# Intra company transferee



## Guest (Jul 3, 2011)

Hello everybody!

My hubby and me would really like to move to Canada next Summer with our two daughters (4 and 6 y. o. now). He's been working for Volkswagen Group in Switzerland for more or less 3.5 years now. He has a degree as automotive service technician since 11 years. Although is contract says he works as a mechanic he actually works as a chief mechanic/foreman because he had been upgraded. Would be an intra-company transfer possible? What level of English is required? If yes, how long would it take to obtain a work permit?

Thank you very much for every information you can give me!


----------



## Auld Yin (Mar 10, 2009)

The possibility of an inter-company transfer is totally dependent on Volkswagon. The company would require to make all the arrangements with the Canadian Government.
Everyone immigrating to Canada has to complete the IELTS language tests.

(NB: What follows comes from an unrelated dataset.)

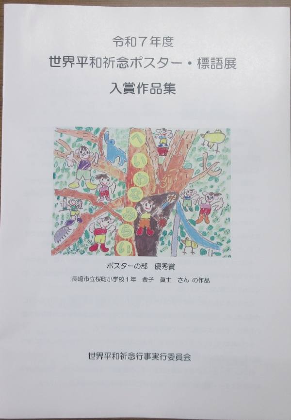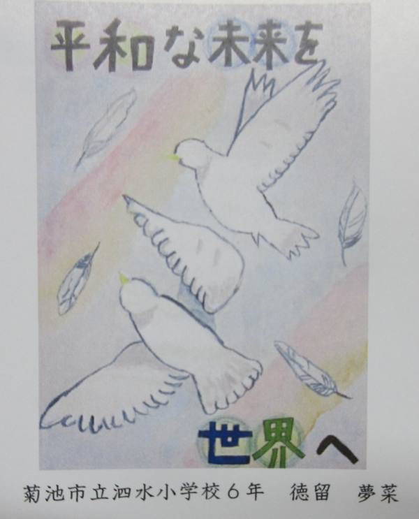 夏休みに募集が行われた「世界平和祈念ポスター展」に6年2組徳留夢菜さんが入賞しました。この度、入賞作品を収録した冊子が学校に送られてきました。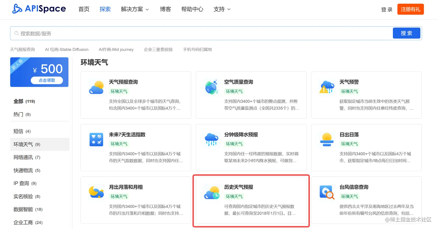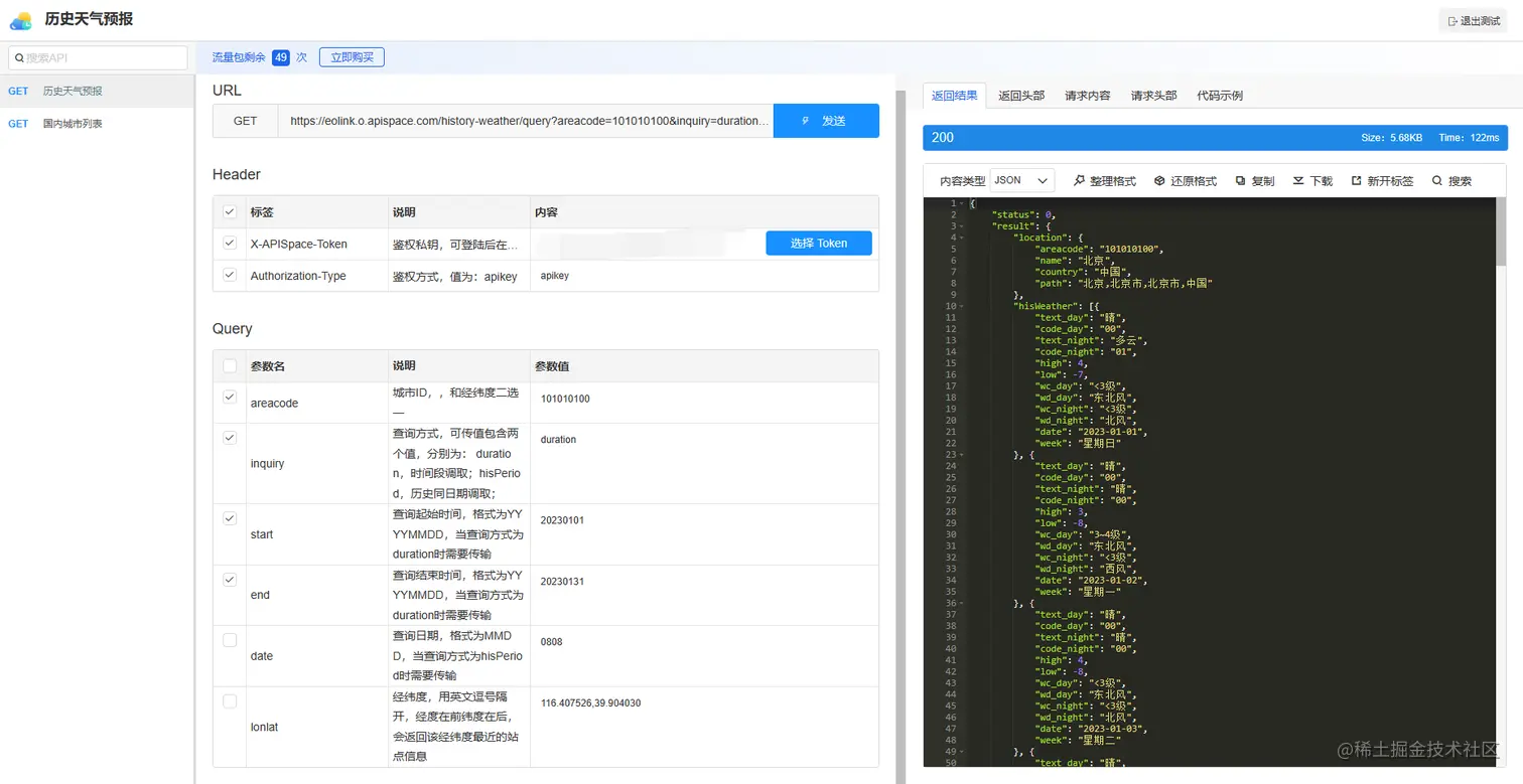 本文我将使用 APISpace 的 历史天气预报 API,来给大家演示如何将历史天气预报快速的接入到自己的应用中。除了历史天气预报 API,APISpace 上关于天气类的接口,还有 天气预报 、 天气预警 、 空气质量 、 分钟级降水预报 等API。感兴趣的同学可以上去了解一下~

http://www.google.com/url?sa=t&sour...c0cJdr0lR1PE4t7AQ&sig2=tMeBGJJENb5zcM_3UY2gUA


----------



## Guest (Jul 5, 2011)

Thank you very much for your nice answer!
What do you mean with "The possibility of an inter-company transfer is totally dependent on Volkswagon"? What are specialized knowledge for a mechanic (NOC B)?


----------



## Auld Yin (Mar 10, 2009)

Well obviously Volkswagon have to arrange the inter-company transfer. You should contact Volkswagon in Canada to determine if they want your services.
I've no idea what's regarded as specialized knowledge. I would imagine Volkswagon would know.


----------